Now I claim three things:1.) R has dimension zero
Proof: Every element of R is an idempotent and every prime ideal in R has to contain exactly one of e or 1-e for every idempotent e in R. If we had a chain of prime ideals, the larger one would nescessarily have to contain e and 1-e for one such idempotent and so couldn't exist.
2.) The localisation of R at every maximal ideal is a field.
Proof: It is a zero-dimensional local ring by 1.) and reduced since R doesn't contain nilpotent elements. Thus this localisation is a field.

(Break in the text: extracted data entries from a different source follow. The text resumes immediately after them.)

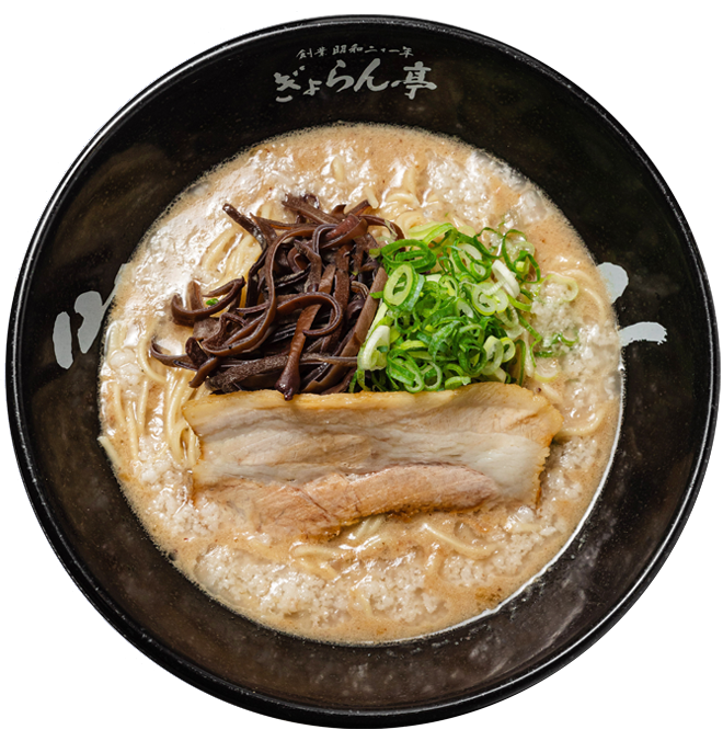 「ぎょらん亭」の原点である「十割ラーメン」は、通常の倍量の国産げんこつを長時間炊きあげてつくるド豚骨ラーメン。朝一番のフレッシュなスープを一定の濃度で濾さずに炊き続け、丼に注ぎながら濾すことで軟骨や脂身の旨味を余すことなく抽出。北九州ヤマニ醤油の吟醸薄口をベースにした「かえし」を合わせることで、旨味・濃度・塩分が調和したメリハリのある味わいを生み出します。とろりと濃厚なのに、くさみやざらつきのないスープは、丼の底まで飽きない旨さ。麺は中太か細麺から選べる喉越しのいいストレートです。甘辛いタレで煮込んだ名物の厚切り1枚チャーシューと共に、唯一無二の味をご堪能ください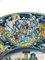 Maiolica dipinta in policromia con giallo, arancio, blu, verde, bianco, bruno di manganese.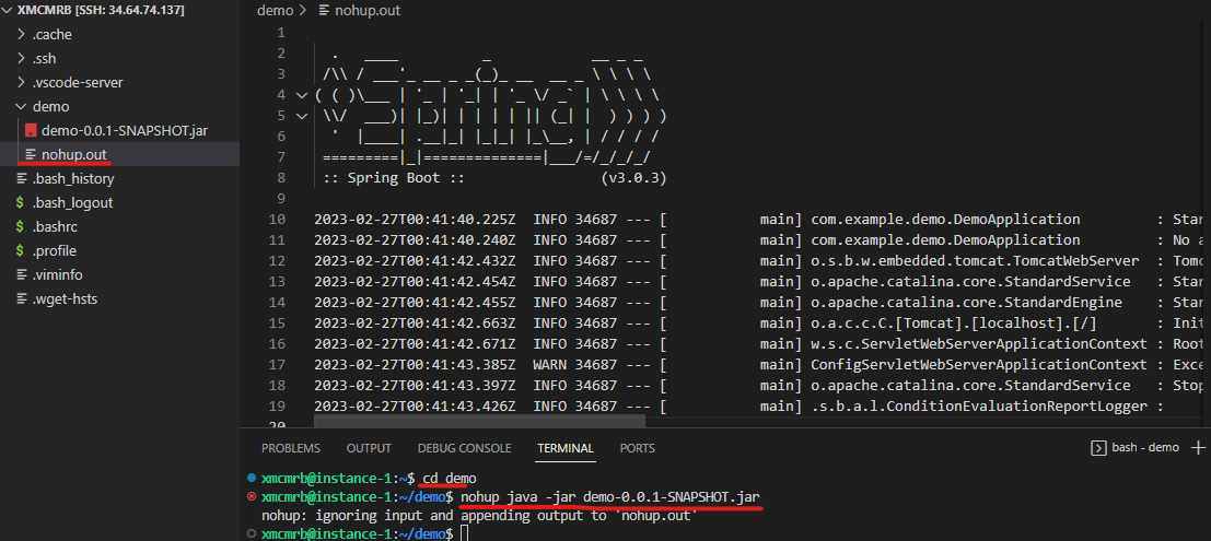 $ nohup java -jar demo-0.0.1-SNAPSHOT.jar

3.) I is not a direct summand of R.
Proof: Direct Summands correspond to idempotents in R. Since every element in R is idempotent we need to analyze all principal ideals. If an element has only finitely many non-zero entries the ideal created by it has only finitely many elements, thus can't be I.If on the other hand it contains infinitely many non-zero entries, the ideal created by it has uncountably many elements.Since I contains countably many elements, it can't be a direct summand of R.
This establishes the counterexample, since the short exact sequence 0→I→R→C→0 splits in every localisation at a maximal ideal.